#### RECORDED INFORMATION:
━━━━
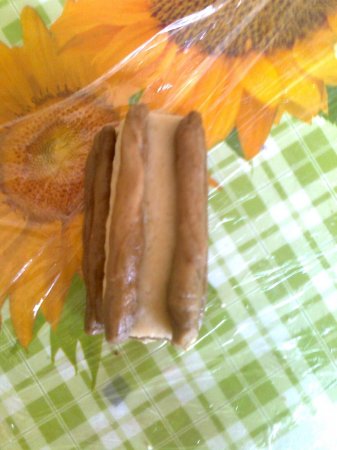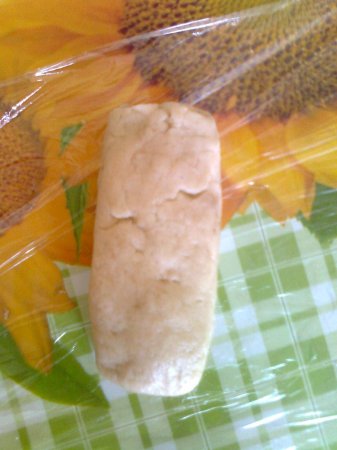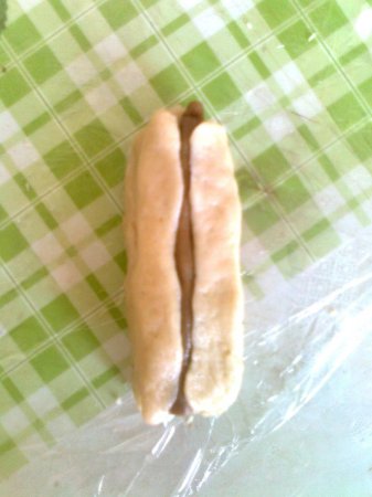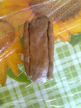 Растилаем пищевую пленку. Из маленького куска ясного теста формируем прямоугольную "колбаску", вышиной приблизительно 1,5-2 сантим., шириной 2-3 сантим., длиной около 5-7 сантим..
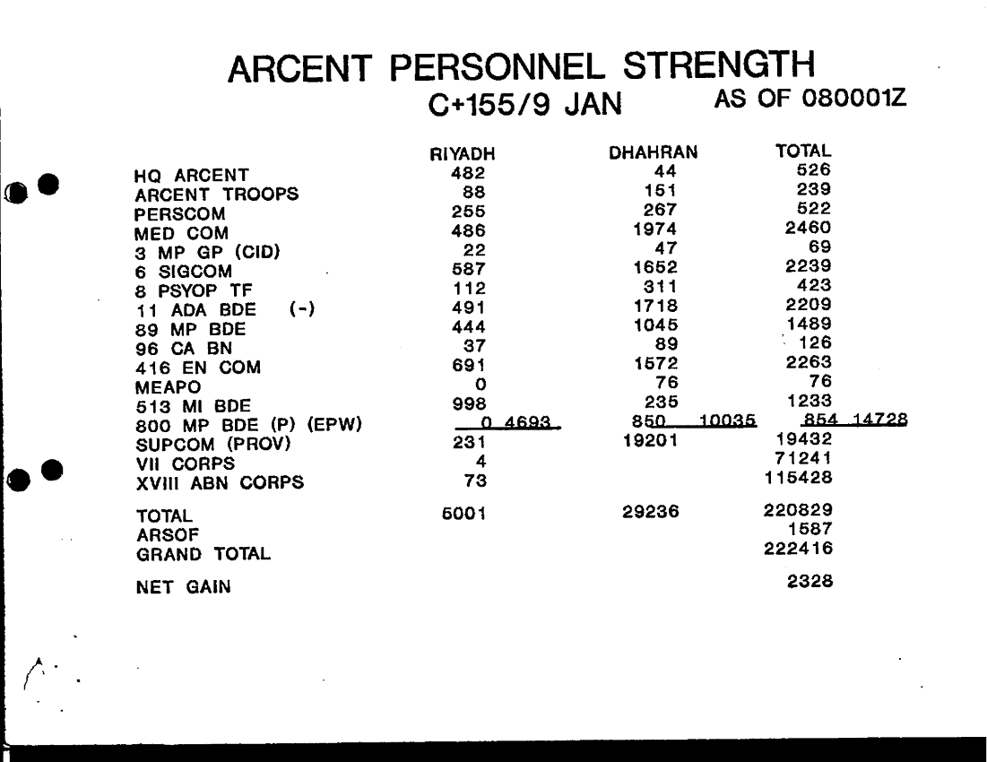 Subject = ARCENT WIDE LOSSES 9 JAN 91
━━━━
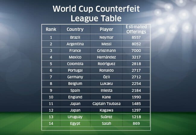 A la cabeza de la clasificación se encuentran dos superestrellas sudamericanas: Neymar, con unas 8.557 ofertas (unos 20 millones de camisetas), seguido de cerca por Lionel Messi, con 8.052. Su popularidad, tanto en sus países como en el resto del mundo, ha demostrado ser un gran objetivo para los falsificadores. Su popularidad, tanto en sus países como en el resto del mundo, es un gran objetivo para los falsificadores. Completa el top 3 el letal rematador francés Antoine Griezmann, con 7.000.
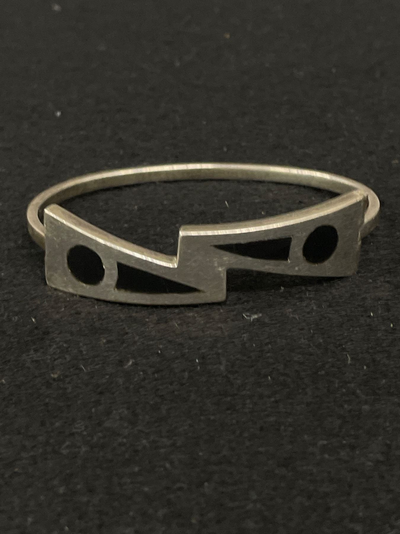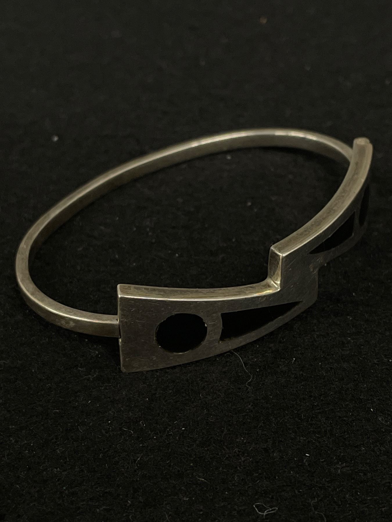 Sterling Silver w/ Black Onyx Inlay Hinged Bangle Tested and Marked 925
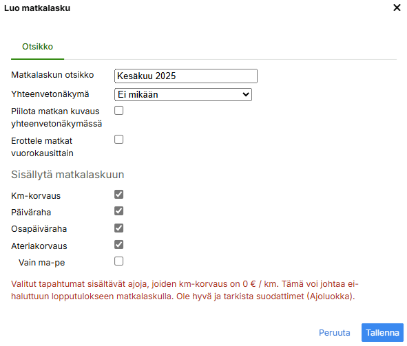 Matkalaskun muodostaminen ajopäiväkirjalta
━━━━
#### TASK BRIEF:
Taking the material above, give again exactly the lines from the one holding "Растилаем пищевую пленку." through the one holding "Subject = ARCENT WIDE LOSSES 9 JAN 91", with both ends and without pictures.

#### ANSWER TO THIS PROBLEM:
 Растилаем пищевую пленку. Из маленького куска ясного теста формируем прямоугольную "колбаску", вышиной приблизительно 1,5-2 сантим., шириной 2-3 сантим., длиной около 5-7 сантим..
 Subject = ARCENT WIDE LOSSES 9 JAN 91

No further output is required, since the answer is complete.